In 2015, Messums Wiltshire invited Judy to show in the 13th century monastic barn recently restored into a multi- disciplinary contemporary arts centre. After visiting Messums Wiltshire in the autumn of 2015 and again in late winter 2017, Judy was struck by the spirit of the land and the immensity of the barn and its thatched roof. She returned to the US with hundreds of pictures of the barn, Salisbury Cathedral and the surrounding landscape from which to begin working.
Located 15 miles from Stonehenge, archaeologists continue to discover prehistoric sites of worship in the area surrounding Tisbury where Messums Wiltshire is based. The chance to respond to such a spiritually fertile area has inspired Pfaff to make a work as audacious in scale as it is in concept. Having never shown in England, the exhibition is a homecoming to both the literal land of England and the cultural heritage and ancestry it embodies.

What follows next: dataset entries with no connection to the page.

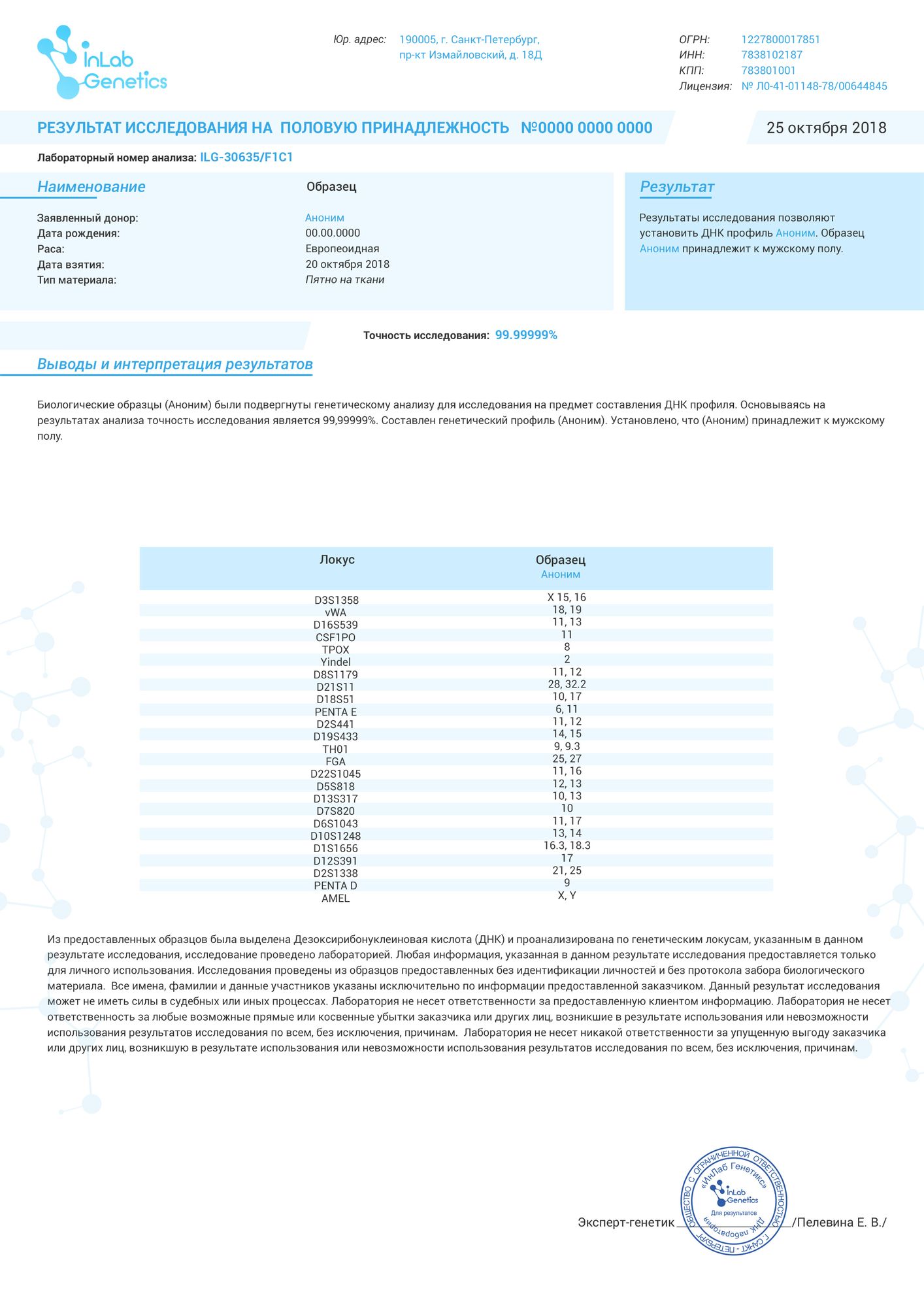 Анализ поможет определить пол анализируемого образца. Если вы, к примеру, обнаружили подозрительное пятно на одежде мужа, а оказалось, что оно женское, возможно, что это ваше пятно. В таком случае, путем сравнения ДНК пятна и вашего ДНК, мы сможем предоставить неопровержимые доказательства.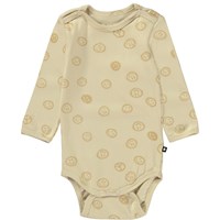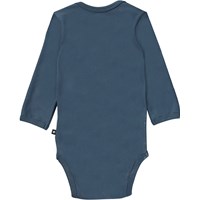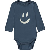Dark blue baby bodysuit with a front print that has a smiley face in light grey. This bodysuit is in 100% cotton, has long sleeves and an easy snap closure at the neck and between the legs. Wear it with the Seb trousers in the same print.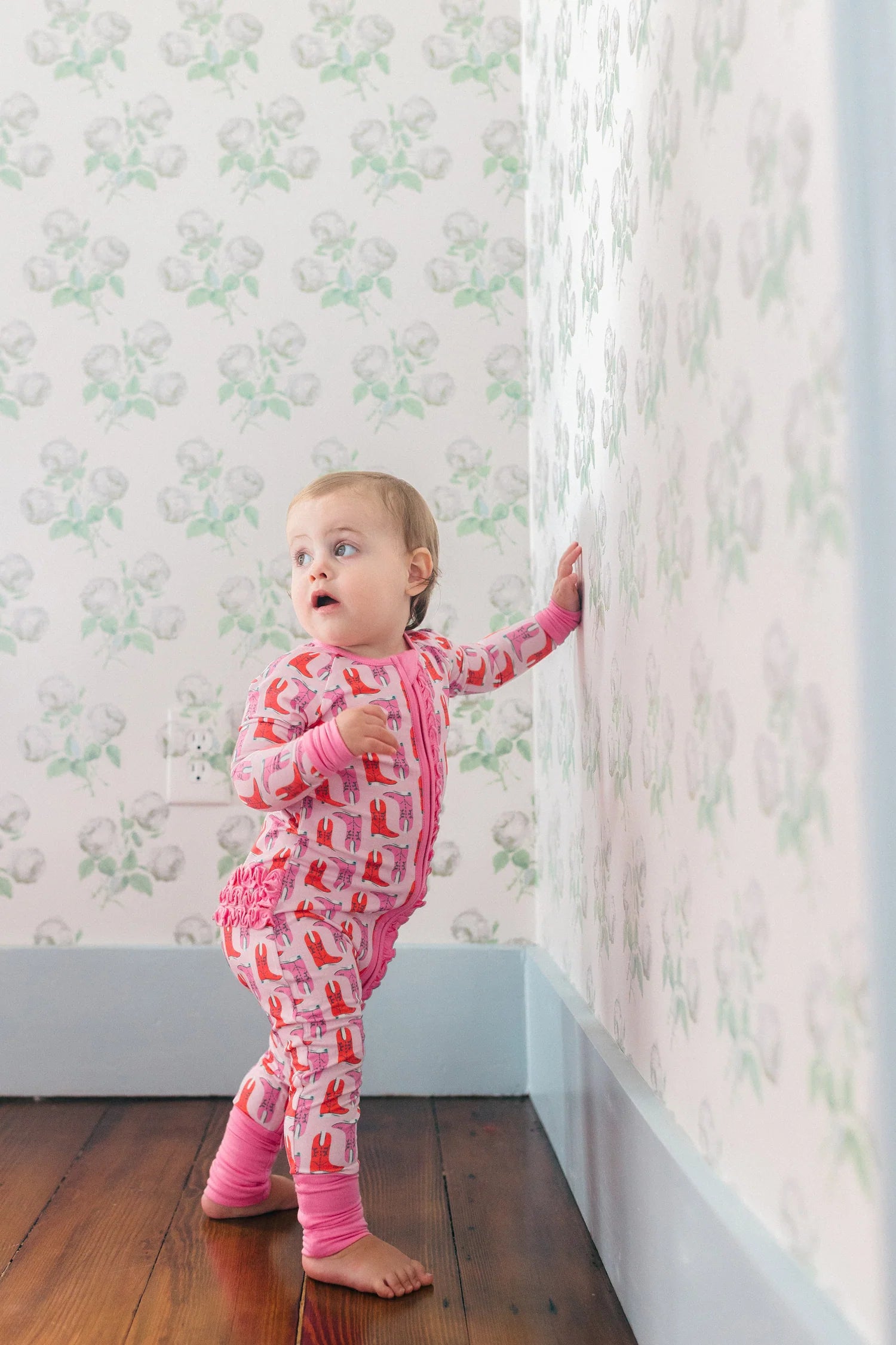 Snuggle up with your little cowgirls this rodeo season in these adorable pink boots bamboo pajamas!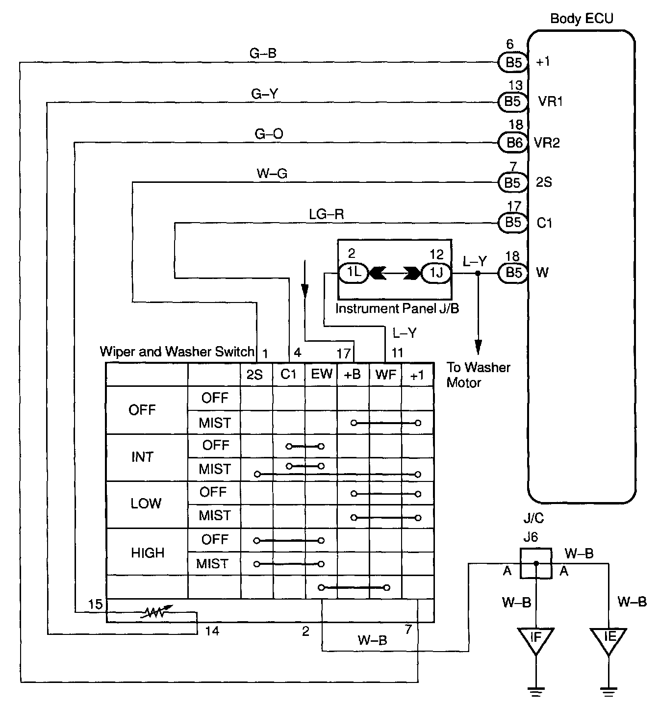 CIRCUIT DESCRIPTIONBody ECU judges the switch position with the terminal voltage of the wiper and washer switch and runs the wiper motor.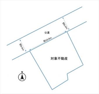 | 接道状況 | 一方 北西約6.0m公道、間口:約16.0m | ||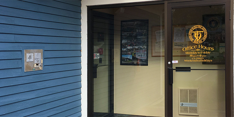 Stop in and pay in person during our regular business hours: Monday thru Friday 8am-4pm. We accept Cash and Checks.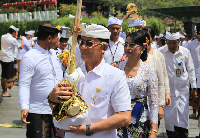“Semua komponen dan sarana upacara disucikan dalam mapepada wewalungan ini untuk digunakan saat Tawur Agung,” jelasnya.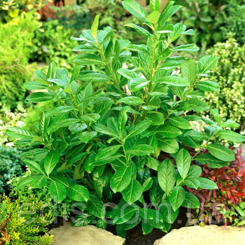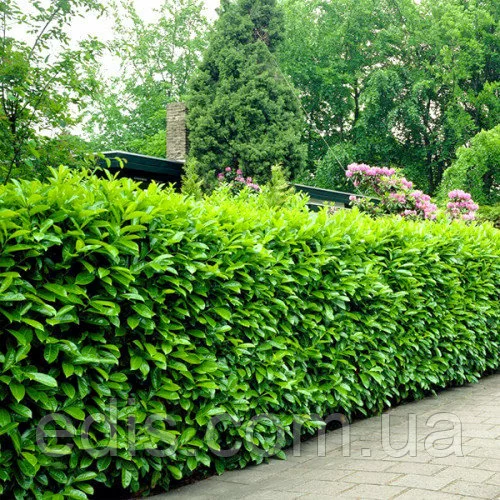 Саджанці декоративних чагарників: Лавровишня лікарська NovitaВикористовується в ландшафтному дизайні як декоративна культура. Вічнозелений чагарник з шкірястими листям, квіти та ягоди нагадують черемшину. Кущ підходить для створення зеленої паркової скульптури.

Pfaff enters each exhibition space not knowing exactly what will happen. Although site-specific, Pfaff’s installations grow organically within their spaces as she accumulates, subtracts, and refines their elements. As with all of her installations, Pfaff has been preparing for the exhibition for months in her Tivoli studio in upstate New York. Tools, materials, and installation components board a freight-shipping container on July 17th to cross the Atlantic to Tisbury, where Pfaff and her crew joined them in early August. On site, she will gather local materials and helpers to synthesise and re-envision the sketches she made in a warehouse on her studio property one-third the size of the Messums barn. From Tivoli to Tisbury, the show will have spanned two years and some 3,500 miles before it opens to the public on September 23rd.

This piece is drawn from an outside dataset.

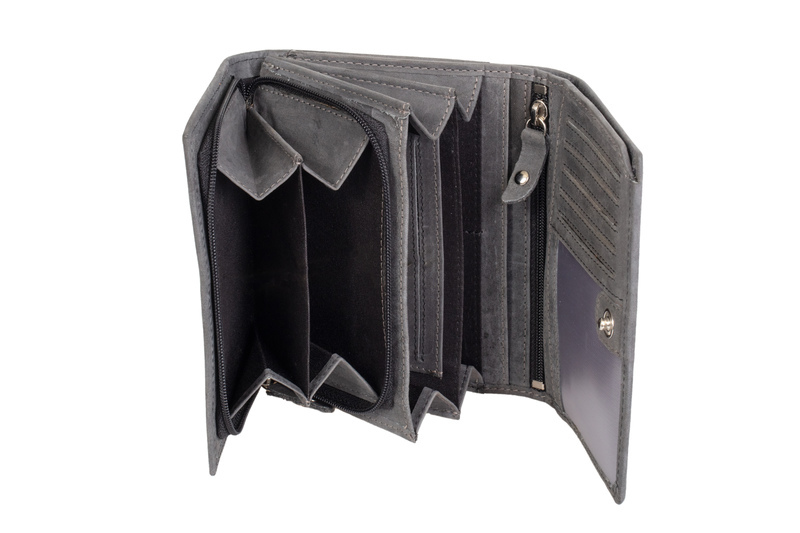 Portefeuille voor dames RFID Met TFID folie, hoog model, negen kredietkaart vakken, drie opbergvakken, compartiment met doorzichtige folie, opberg vak met rits, twee grote opbergvakken, ƩƩn opberg vak voor biljetten, opberg vak voor munten met rits. grijs leer ca. 13 x 10,5 x 2,5 cm

Judy Pfaff was born in London in 1946 and raised in Detroit. She received a Master of Fine Art from Yale University in 1973 where she studied under the painter, Al Held. A pioneer of installation art in the 1970s, Pfaff synthesises sculpture, painting, and architecture into environments in which space seems to expand and collapse; fluctuating between two and three dimensions. She exhibited work in the Whitney Biennials of 1975, 1981 and 1987 and represented the United States in the 1998 Sao Paulo Bienal. Her pieces are in the permanent collections of MOMA, Whitney Museum of Art, Tate Gallery, Brooklyn Museum of Art, and Detroit Institute of Arts. She is the recipient of many awards including the Lifetime Achievement Award from the International Sculpture Center (2014), the MacArthur Foundation Award (2004), and the Guggenheim Fellowship (1983). Pfaff lives and works in Tivoli, New York.